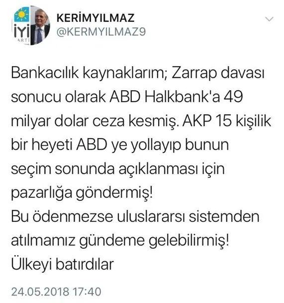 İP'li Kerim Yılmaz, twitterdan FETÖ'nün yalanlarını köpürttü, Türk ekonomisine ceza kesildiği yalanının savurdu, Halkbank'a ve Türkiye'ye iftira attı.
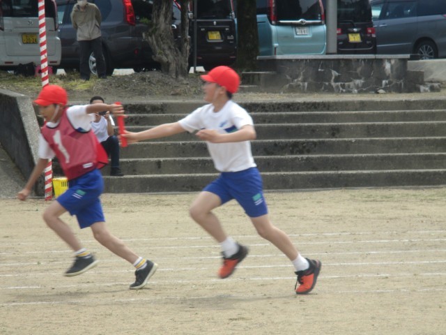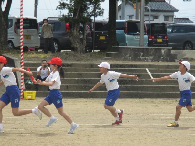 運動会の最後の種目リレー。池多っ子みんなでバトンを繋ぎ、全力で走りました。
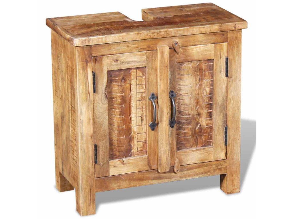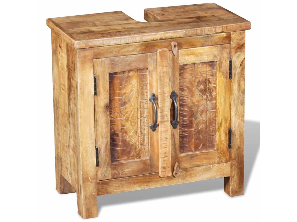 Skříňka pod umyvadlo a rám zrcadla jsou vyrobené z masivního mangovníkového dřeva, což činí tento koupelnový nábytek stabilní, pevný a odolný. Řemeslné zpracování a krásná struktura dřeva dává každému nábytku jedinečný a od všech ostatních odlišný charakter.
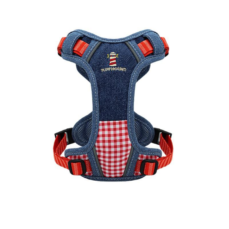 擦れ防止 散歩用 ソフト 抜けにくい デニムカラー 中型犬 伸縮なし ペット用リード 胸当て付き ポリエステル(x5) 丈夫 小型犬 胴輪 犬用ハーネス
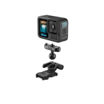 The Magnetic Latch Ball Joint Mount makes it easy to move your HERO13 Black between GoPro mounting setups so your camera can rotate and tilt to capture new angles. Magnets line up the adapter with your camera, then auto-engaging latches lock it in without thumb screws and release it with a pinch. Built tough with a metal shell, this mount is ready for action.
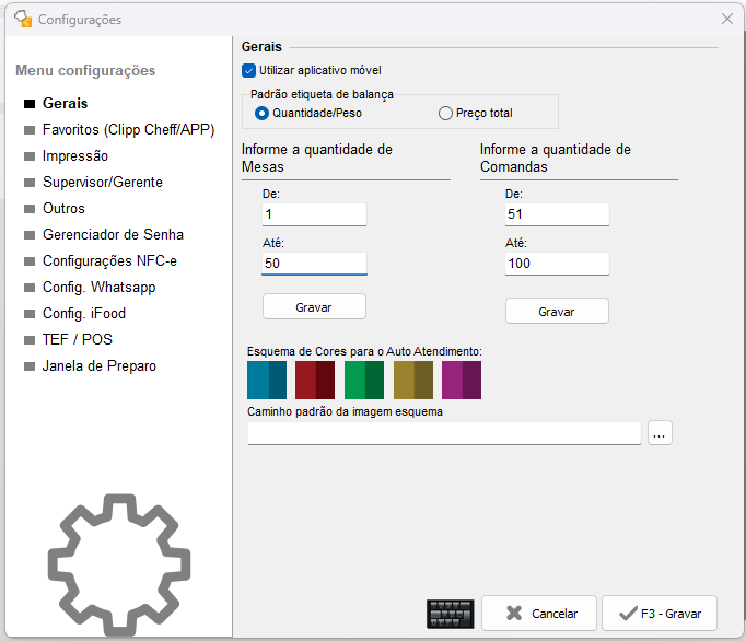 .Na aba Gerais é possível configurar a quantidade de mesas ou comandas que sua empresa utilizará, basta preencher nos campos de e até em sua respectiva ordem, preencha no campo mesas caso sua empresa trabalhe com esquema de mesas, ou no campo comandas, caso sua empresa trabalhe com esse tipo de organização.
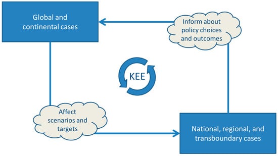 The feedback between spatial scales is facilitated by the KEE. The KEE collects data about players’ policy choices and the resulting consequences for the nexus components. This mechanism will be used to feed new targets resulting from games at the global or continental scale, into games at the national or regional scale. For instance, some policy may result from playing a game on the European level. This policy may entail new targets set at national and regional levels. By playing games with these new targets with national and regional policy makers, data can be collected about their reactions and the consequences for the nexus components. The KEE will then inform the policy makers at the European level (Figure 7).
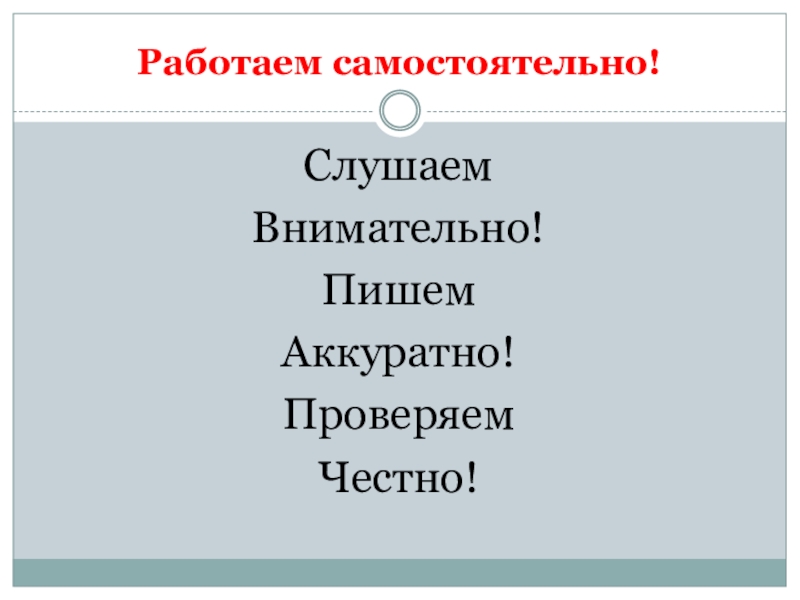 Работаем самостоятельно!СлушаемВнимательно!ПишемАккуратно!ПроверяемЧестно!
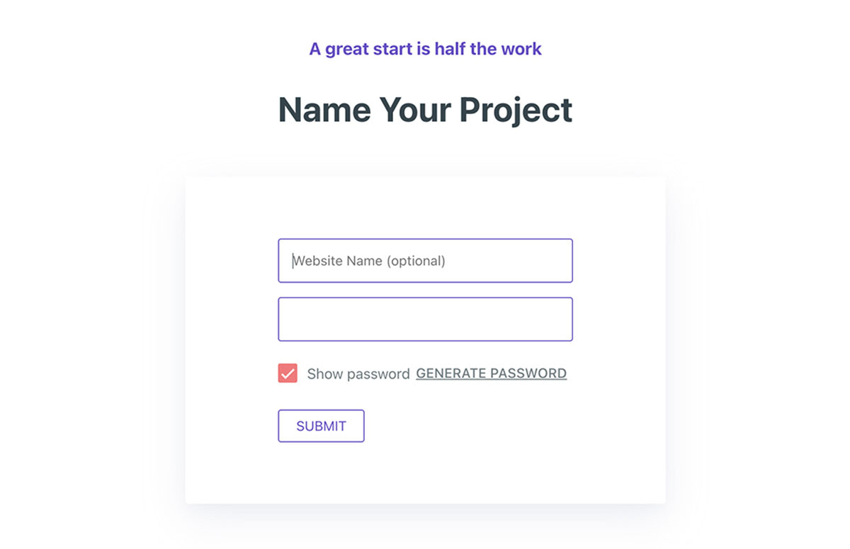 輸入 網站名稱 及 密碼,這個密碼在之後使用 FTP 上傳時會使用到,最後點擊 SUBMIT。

- YOUR TASK:
Your reply should consist only of the lines running from the line with "The feedback between" to the end of the entries, both included, copied exactly and without any pictures.

- SOLUTION TO THIS EXERCISE:
 The feedback between spatial scales is facilitated by the KEE. The KEE collects data about players’ policy choices and the resulting consequences for the nexus components. This mechanism will be used to feed new targets resulting from games at the global or continental scale, into games at the national or regional scale. For instance, some policy may result from playing a game on the European level. This policy may entail new targets set at national and regional levels. By playing games with these new targets with national and regional policy makers, data can be collected about their reactions and the consequences for the nexus components. The KEE will then inform the policy makers at the European level (Figure 7).
 Работаем самостоятельно!СлушаемВнимательно!ПишемАккуратно!ПроверяемЧестно!
 輸入 網站名稱 及 密碼,這個密碼在之後使用 FTP 上傳時會使用到,最後點擊 SUBMIT。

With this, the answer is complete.